6. Haarlem
Malam itu Anna dan Mariam menginap di Haarlem, sebuah kota kecil berjarak hampir 20-an kilometer dari Amsterdam. Tak banyak yang tahu, bahwa kota inilah yang menjadi ibu kota provinsi Nord Holland atau Holland Utara, provinsi di mana kota Amsterdam berada. Selain merupakan salah satu kota tertua di Belanda, Haarlem juga salah satu kota yang indah dan tenang.
Anna memandang keluar jendela dari kamar hotel mereka di lantai tiga. Suasana malam yang lengang tertangkap netranya. Kabarnya, pada awal musim gugur di Eropa, gerimis seringkali menyapa. Anna menemukan sisa-sisanya di kaca jendela, menambah romantis suasana. Mendadak senyum terkembang di wajahnya, dan lagi-lagi, rona merah pun terserak di pipinya. Cantik. Semua karena ingatan yang tiba-tiba melayang pada sosok Ahmar. Ah, rupanya Anna benar-benar dilanda cinta.
“Mau salat dulu?” tanyanya saat matanya menangkap pantulan Mariam dari kaca jendela.
“Hemm.” Yang ditanya hanya mendehem singkat, lalu bersegera memulai salat.
Anna menutup tirai. Melangkahkan kaki jenjangnya menuju peraduan, merebahkan badan di atasnya untuk kemudian melamun hingga Mariam menyelesaikan salatnya dan duduk bersila di atas tempat tidur yang sama dengan Anna, matanya serius menatap gawai, menggulir pesan demi pesan di layarnya.
“Ini, bacalah mulai dari sini ke bawah.” Mariam menyodorkan telepon genggamnya kepada Anna yang tergesa membaca.
Dari Bang Ronald,
[Assalamualaikum, Mariam. Aku tau adikku ada bersamamu. Apakah dia baik-baik saja? Aku bisa memahami kekecewaannya. Tolong sampaikan padanya, jika ingin berbagi denganku, insya Allah aku ada untuknya, kapan saja. Semoga Allah selalu melindungi kalian di mana pun berada.]
Balasan Mariam,
[Waalaikumussalam. Terima kasih doanya, Bang. Iya, dia di sini bersamaku. Ah bukan, tapi aku yang bersama dia. Maafkan Mariam ya, Bang. Mariam bener-bener nggak tau kalo Anna ngajak pergi ternyata untuk melarikan diri. Tapi Abang tak perlu khawatir, dia baik-baik saja, dan insya Allah akan selalu baik-baik saja. Pesan Abang akan kusampaikan untuk adik Abang yang keras kepala itu.]
Dari Mbak Vanya,
[Mariam, tolong beritahu Anna kalo kami semua menyayanginya. Juga mengkhawatirkannya. Memang dasar dia keras kepala, padahal semua bisa diselesaikan kalo mau bicara dengan kepala dingin. Eh, ya walopun aku nggak yakin juga kalo dia tetap di sini pertunangannya bisa dibatalkan begitu saja. Hahaha. Suruh dia hubungi aku, nanti aku tambah uang sakunya buat beli elvi.]
Balasan Mariam.
[Kok Mbak Vanya tau kalo aku sama Anna? Hehe. Maafkan Mariam ya, Mbak, bener-bener nggak tau kalo diajakin jalan ke yurop ternyata disuruhin nemenin dia melarikan diri. Pengen marah, tapi ya kasian juga sama sahabat yang rada kurang sopan santun satu itu. Hahaha. Insya Allah dia baik-baik saja, Mbak, apalagi nanti kalo dia tau yang di Indonesia everything is fine-fine aja. Uang sakunya ditambah yang banyak ya, Mbak, biar aku bisa melakukan pemerasan buat ganti rugi udah ngerjain aku sampe sejauh ini.]

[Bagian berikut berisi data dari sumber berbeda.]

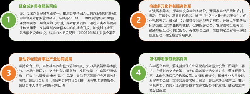 1月14日,中共云南省委、云南省人民政府发布《关于深化养老服务改革发展的实施意见》,提出四项重点任务,要求到2029年,养老服务网络基本建成,服务能力和水平显著提升,扩容提质增效取得明显进展,基本养老服务供给不断优化;到2035年,养老服务网络更加健全,服务供给与需求更加协调适配,全体老年人享有基本养老服务,适合国情及我省省情的养老服务体系成熟定型。
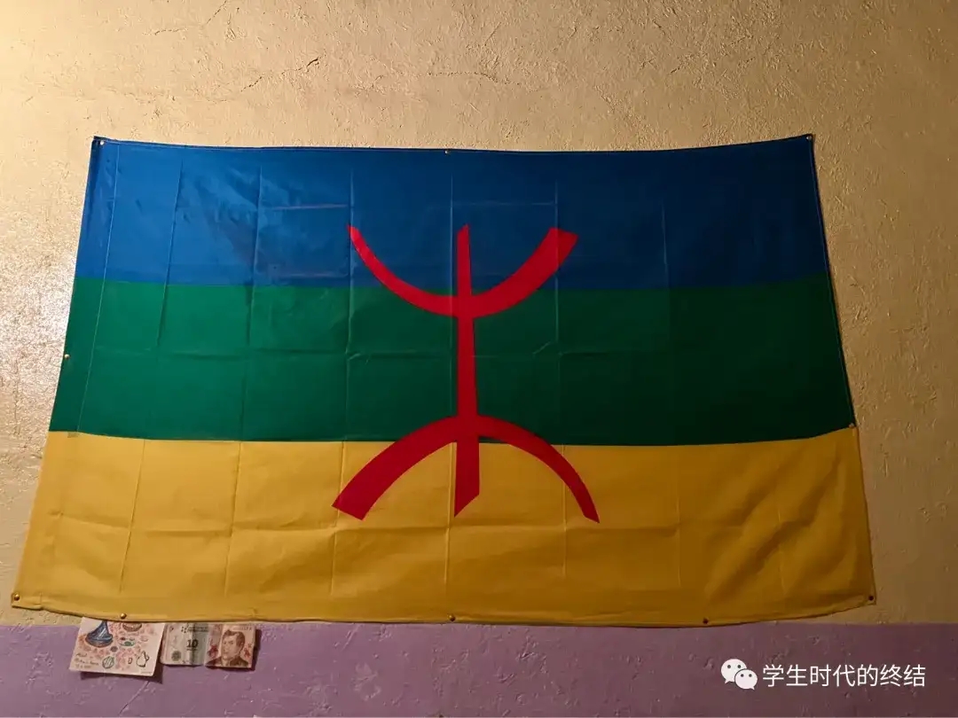 (客房的墙上有一面表示柏柏尔人的旗子,上面是柏柏语的字母,代表自由
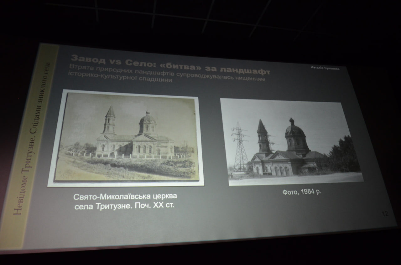 На презентации книги присутствовал отец Виталий Бажин — настоятель Свято-Николаевской православной церкви, которая была построена в Тритузном еще в 19 веке. Эта церковь пережила приход большевиков с их атеистическими взглядами, Голодомор и политические репрессии 30-х годов, нацистскую оккупацию и чудом уцелела во время строительства Приднепровского химического завода, который фактически поглотил легендарное казацкое село.
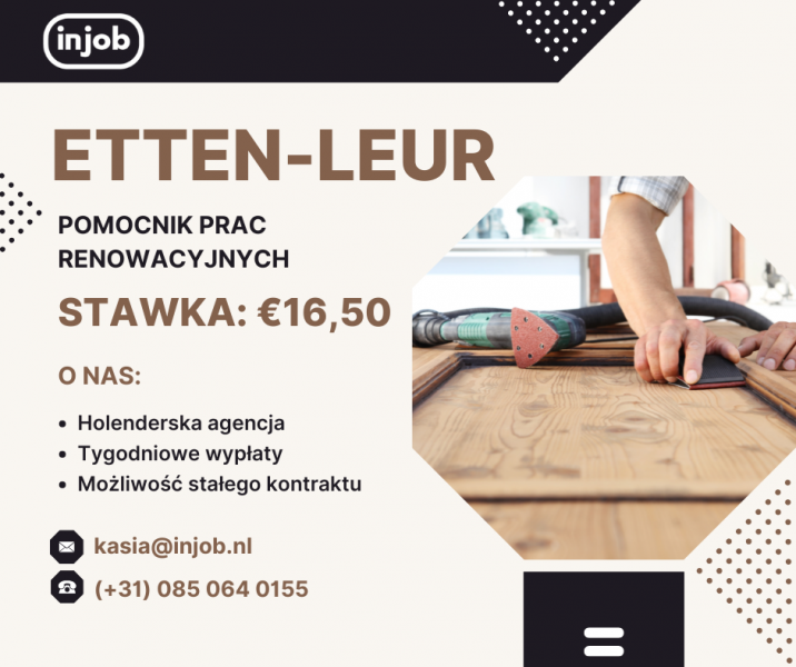 Firma zajmująca się renowacją drewna, metalu i elementów wykończeniowych poszukuje pomocnika prac wykończeniowych, z możliwością stałego kontraktu.
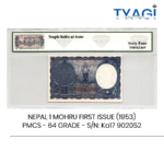 Be the first to review “NEPAL 1 MOHRU FIRST ISSUE (1953) – PMCS 64 GRADE – S/N Ka17 902052” Cancel reply

Mbak Vanya memang suka bercanda, tak jauh beda dengan Anna. dengannya pula Mariam paling akrab, sudah seperti kakak sendiri. Mungkin karena dia kakak perempuan Anna satu-satunya. Lain lagi dengan Bang Ronald dan Kak Rendy, selain laki-laki, keduanya juga cenderung serius dan agak kaku, sama seperti papinya. Makanya Mariam tak begitu akrab dengan mereka, meskipun tentu saja kenal baik.
Dari Kak Rendy,
[Dear Mariam, tolong suruh Anna menghubungi aku. Mungkin bukan sekarang, tapi segera setelah adikku sudah lebih lega perasaannya.]
Balasan Mariam,
[Baik, Kak Rendy. Dia sehat dan baik-baik saja. Insya Allah kakak segera kusampaikan padanya.]
“Huh, dasar bodoh. Punya keluarga sebaik ini malah melarikan diri. Heran aku tuh,” kata Mariam sebelum Anna selesai membaca semuanya. Ditoyornya pelan kepala Anna, tak peduli sahabatnya itu sedang menangis sesenggukan, merasakan rindu yang menyerang tiba-tiba pada ketiga kakaknya.
Tangis Anna makin menjadi setelah membaca pesan dari mami papinya.
[Mariam, tolong sampaikan pesan kami ini untuk Anna. Terima kasih.]
[Kepada anakku, Adrianna.
Kau tentu sudah tahu kenapa kami menamaimu demikian? Ya, karena kau lahir di gelapnya malam. Adrianna, dalam banyak bahasa berarti gelap. Bukan kami berharap hidupmu kelak akan gelap, tentu saja tidak. Justru sebaliknya, kami ingin kau menjadi seseorang yang pemberani. Tak hanya berani dalam gelap, tapi juga berani menjadi cahaya yang memberi terang dalam kegelapan.
Dan semua itu benar mewujud dalam dirimu, Nak. Kau tumbuh menjadi anak yang pemberani, tak takut terhadap apapun, selalu percaya pada diri dan kemampuanmu sendiri. Juga keras kepala, yang mungkin sebagai bonus untuk papi dan mami? Atau mungkin itu turun dari papi? Ah sudahlah tidak usah dibahas lebih panjang lagi.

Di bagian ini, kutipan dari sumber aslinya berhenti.